◆ What this task involves ◆
With the images removed, return every line below exactly as it reads.

◆ Input data ◆

☆ ☆ ☆ ☆ ☆

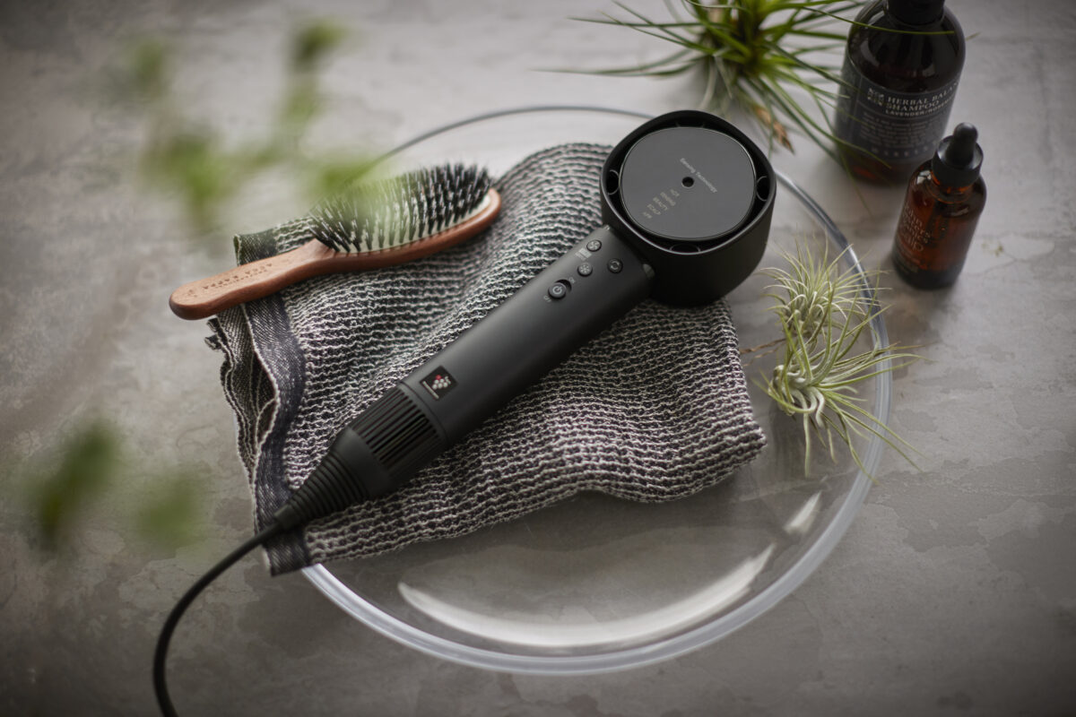 先日発売開始したドライヤー最新機種の形を体で表現してください
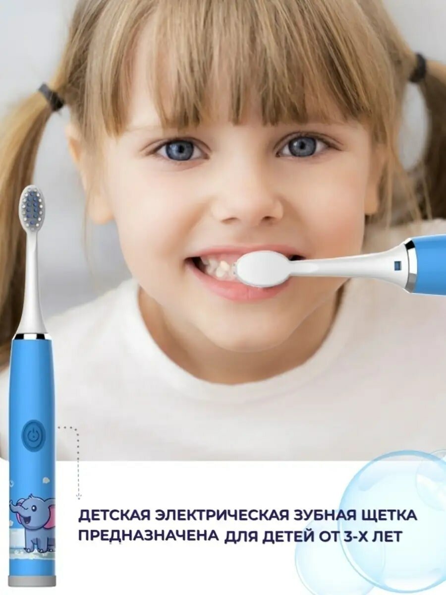 Купить Детская Электрическая зубная щетка Beautiful Smile, для детей 3-7 лет, с 5 насадками, и батарейкой в комплекте - Слоненок
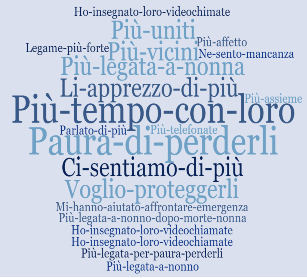 Ma tale rilievo risulta perfino maggiore se si considerano i motivi per cui tali rapporti si considerano peggiorati. Infatti, quelli di gran lunga più frequenti sono: “Non-ci-vediamo-più”, “Mi mancano”, “Mi-manca-abbracciarli”, “Mi-manca-non-vederli”, “Non-posso-visitarli-perché-lontani”, “Non-li-vedo-per-non-contagiarli” “Sto-male-perché-non-li-vedo”, “Mi-manca-il-tempo-con-loro”. Frasi, quindi, in cui la parola più ricorrente, nelle sue diverse sfumature, è ‘mancanza’, seguita dalla preoccupazione per le condizioni di salute dei nonni e dalla paura di contagiarli.

☆ ☆ ☆ ☆ ☆

◆ Result below ◆
 先日発売開始したドライヤー最新機種の形を体で表現してください
 Купить Детская Электрическая зубная щетка Beautiful Smile, для детей 3-7 лет, с 5 насадками, и батарейкой в комплекте - Слоненок
 Ma tale rilievo risulta perfino maggiore se si considerano i motivi per cui tali rapporti si considerano peggiorati. Infatti, quelli di gran lunga più frequenti sono: “Non-ci-vediamo-più”, “Mi mancano”, “Mi-manca-abbracciarli”, “Mi-manca-non-vederli”, “Non-posso-visitarli-perché-lontani”, “Non-li-vedo-per-non-contagiarli” “Sto-male-perché-non-li-vedo”, “Mi-manca-il-tempo-con-loro”. Frasi, quindi, in cui la parola più ricorrente, nelle sue diverse sfumature, è ‘mancanza’, seguita dalla preoccupazione per le condizioni di salute dei nonni e dalla paura di contagiarli.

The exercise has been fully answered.